Brüssel – Die EU hat genug von Russlands Gas: Eine Mehrheit der Länder hat sich für ein Ende russischer Gaslieferungen bis Ende 2027 ausgesprochen. Die EU-Energieministerinnen und -minister stimmten am Montag in Luxemburg für ein Gesetz, das einen schrittweisen Ausstieg vorsieht. Die Slowakei und Ungarn, die noch große Mengen Gas aus Russland beziehen, wurden überstimmt.

EU will Lieferverbot von Putins Gas einleiten – Mehrheit stimmt dafür

Russisches Pipeline-Gas und Flüssiggas (LNG) machten nach Kommissionsangaben im vergangenen Jahr rund 19 Prozent der Gasimporte der 27 EU-Staaten aus. Rund ein Drittel davon bezogen europäische Abnehmer demnach aus kurzfristigen Verträgen, die einfacher kündbar sind. Diese Lieferungen sollen dem Gesetzentwurf zufolge spätestens zum 17. Juni kommenden Jahres enden.

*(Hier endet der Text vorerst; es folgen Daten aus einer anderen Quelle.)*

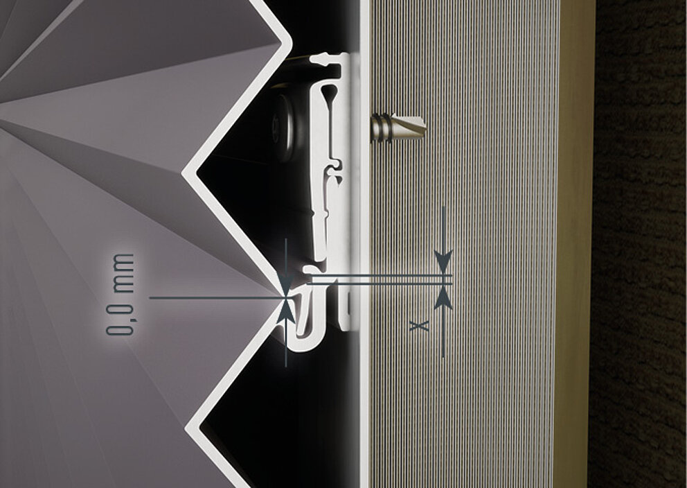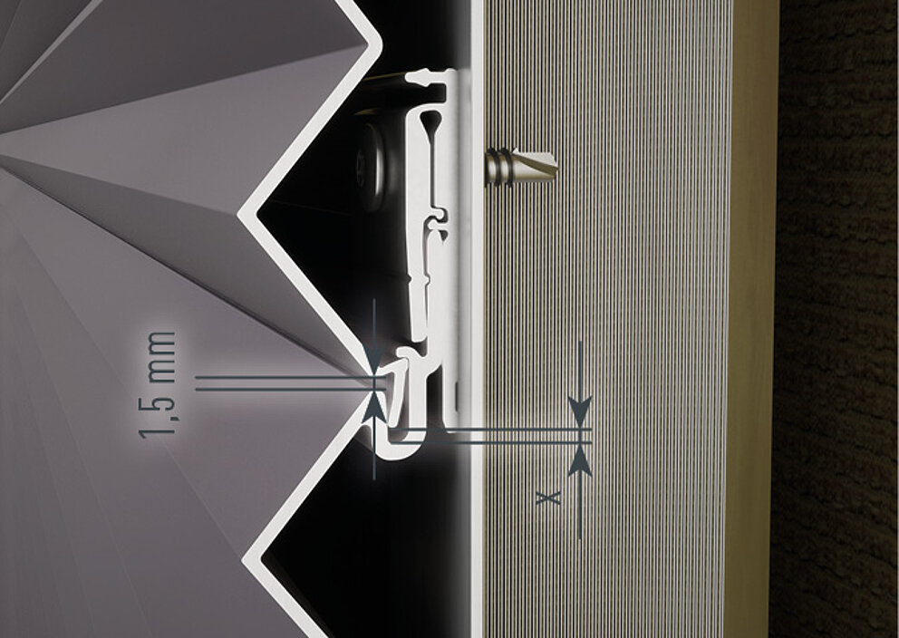 A combined installation of profiles with and without sliding clips is not permitted, as the construction height of the sliding clip (2.1 mm) creates different installation planes.

Ausgenommen sind bis Ende 2027 an langfristige Verträge gekoppelte Lieferungen über Pipelines an Länder, die keinen Zugang zu Wasser und Häfen haben. Für diese Staaten ist es schwieriger, russisches Pipeline-Gas durch per Schiff geliefertes LNG zu ersetzen. Insbesondere Ungarn und die Slowakei könnten damit in den kommenden zwei Jahren weiter große Mengen Gas aus Russland importieren.

Das Gesetz sieht eine Notfallklausel vor. Sollte „plötzlich“ die „Energieversorgung eines oder mehrerer Mitgliedstaaten ernsthaft gefährdet“ sein, kann die EU-Kommission das Importverbot kurzfristig aussetzen.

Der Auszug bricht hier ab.